*** Opening Material for this task ***
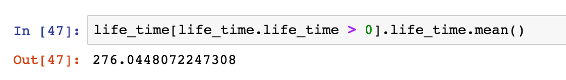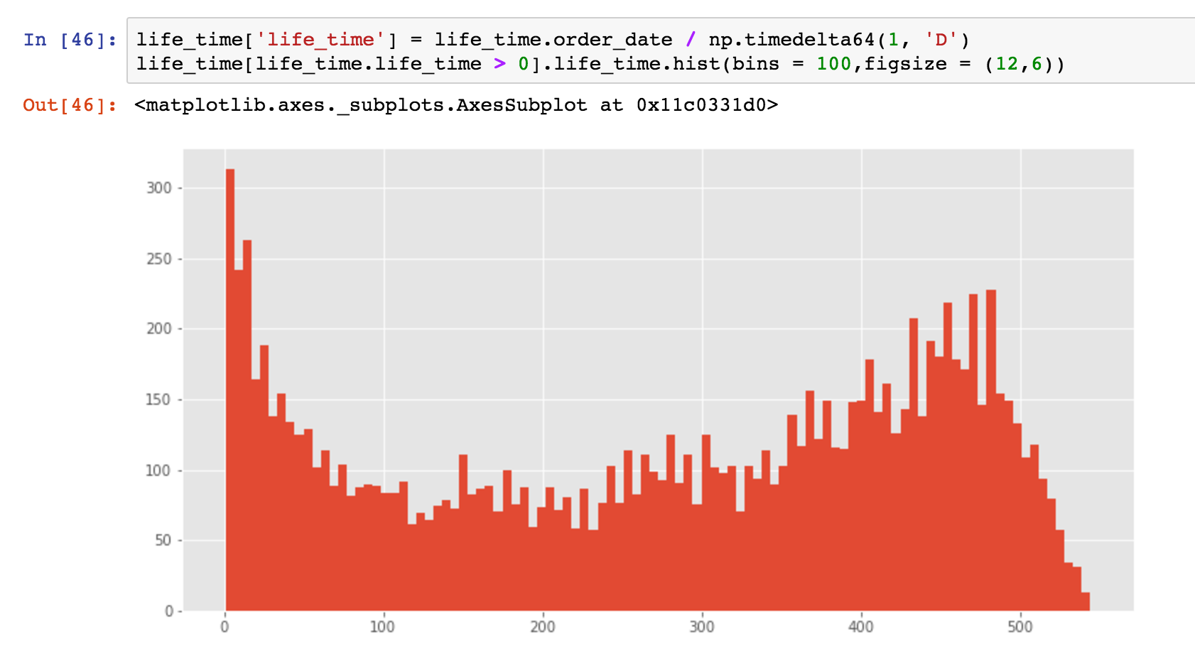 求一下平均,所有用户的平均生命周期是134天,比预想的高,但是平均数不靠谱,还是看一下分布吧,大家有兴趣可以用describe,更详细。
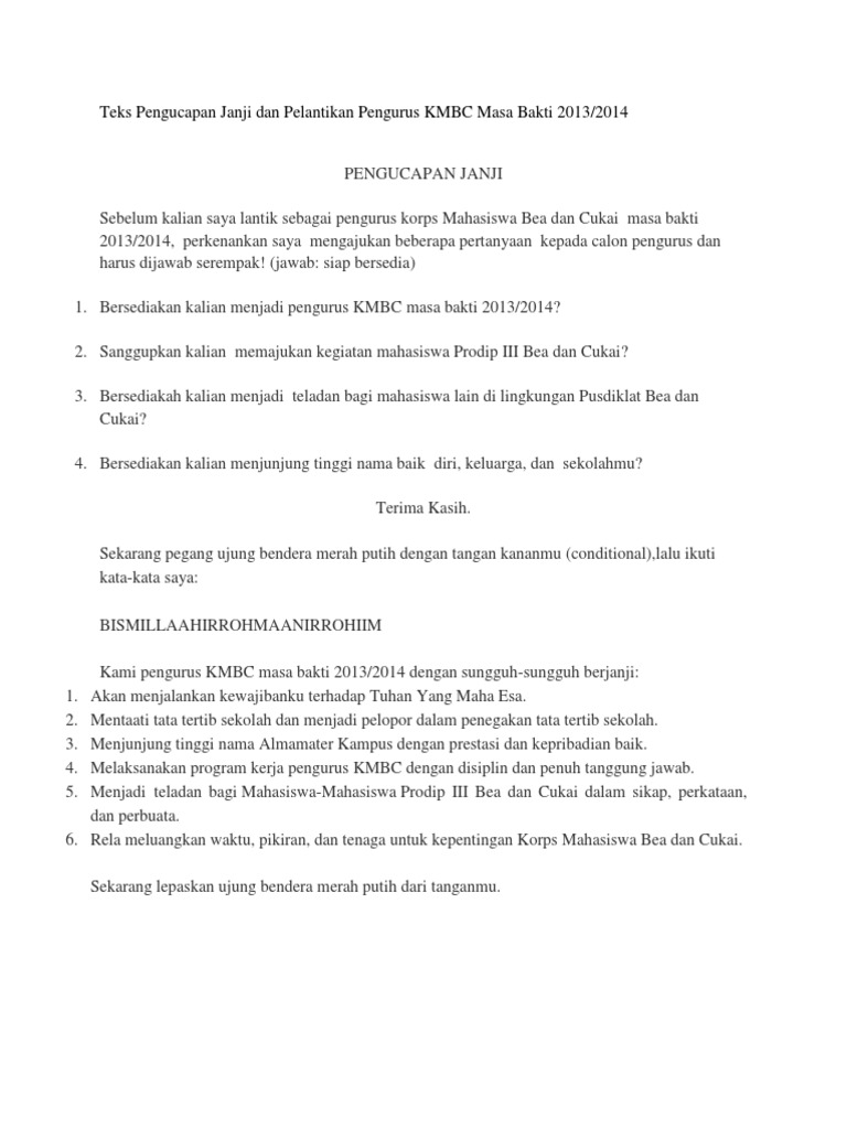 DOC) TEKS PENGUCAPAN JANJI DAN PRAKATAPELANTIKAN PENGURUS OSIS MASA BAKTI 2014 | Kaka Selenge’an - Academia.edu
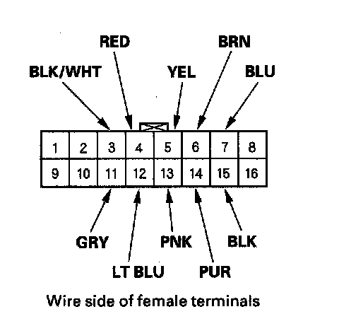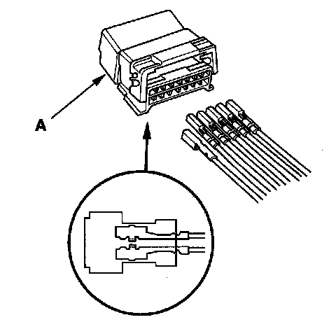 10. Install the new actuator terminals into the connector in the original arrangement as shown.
*** Closing Material for this task ***
*** Opening Material for this task ***
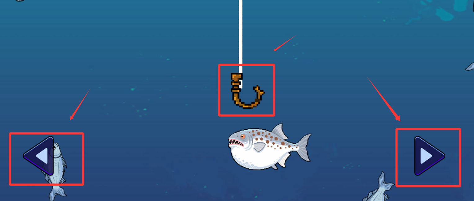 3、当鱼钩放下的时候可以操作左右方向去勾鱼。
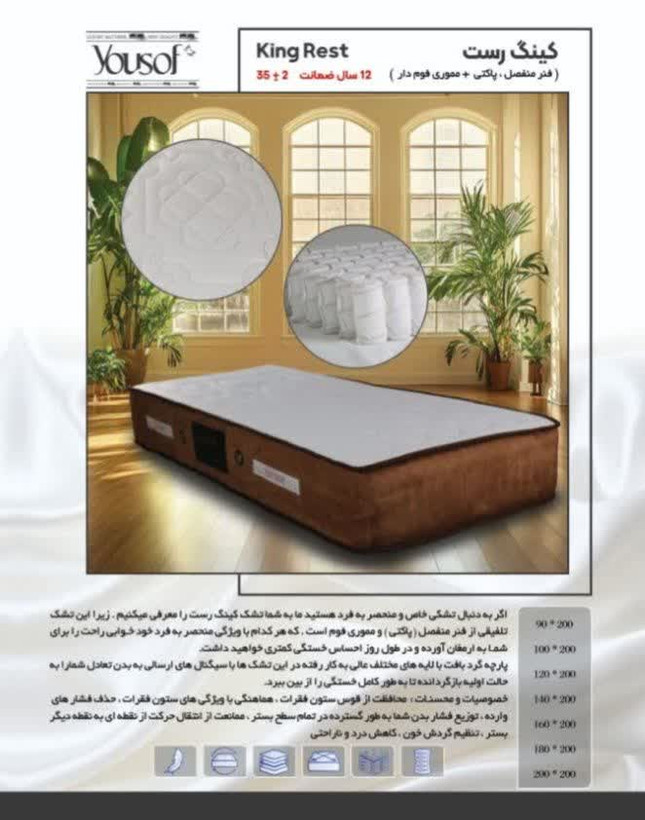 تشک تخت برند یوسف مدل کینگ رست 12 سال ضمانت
*** Closing Material for this task ***
*** Opening Material for this task ***
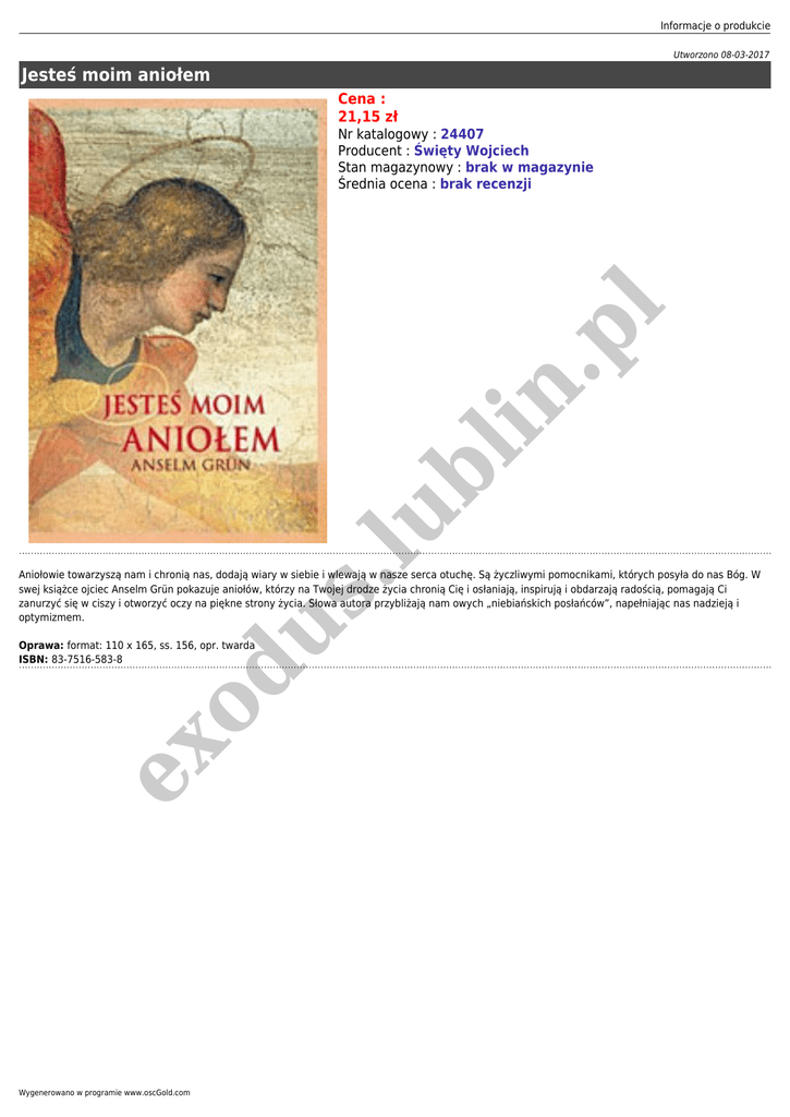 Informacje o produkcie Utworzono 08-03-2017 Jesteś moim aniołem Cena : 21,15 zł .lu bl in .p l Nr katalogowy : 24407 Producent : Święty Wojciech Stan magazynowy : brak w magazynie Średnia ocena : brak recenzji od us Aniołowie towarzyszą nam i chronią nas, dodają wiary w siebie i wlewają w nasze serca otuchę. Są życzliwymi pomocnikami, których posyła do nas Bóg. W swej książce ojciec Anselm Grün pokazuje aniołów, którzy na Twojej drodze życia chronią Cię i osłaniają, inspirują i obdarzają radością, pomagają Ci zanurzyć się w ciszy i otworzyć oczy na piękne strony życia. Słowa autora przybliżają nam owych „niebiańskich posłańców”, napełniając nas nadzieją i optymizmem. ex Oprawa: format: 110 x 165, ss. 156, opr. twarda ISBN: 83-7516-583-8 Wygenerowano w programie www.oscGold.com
*** Closing Material for this task ***
From the listing above, please give again the lines that begin with the line holding "DOC) TEKS PENGUCAPAN" and go on through the line holding "10. Install the", exactly, both ends included, minus any picture.

• **Answer box**:
 DOC) TEKS PENGUCAPAN JANJI DAN PRAKATAPELANTIKAN PENGURUS OSIS MASA BAKTI 2014 | Kaka Selenge’an - Academia.edu
 10. Install the new actuator terminals into the connector in the original arrangement as shown.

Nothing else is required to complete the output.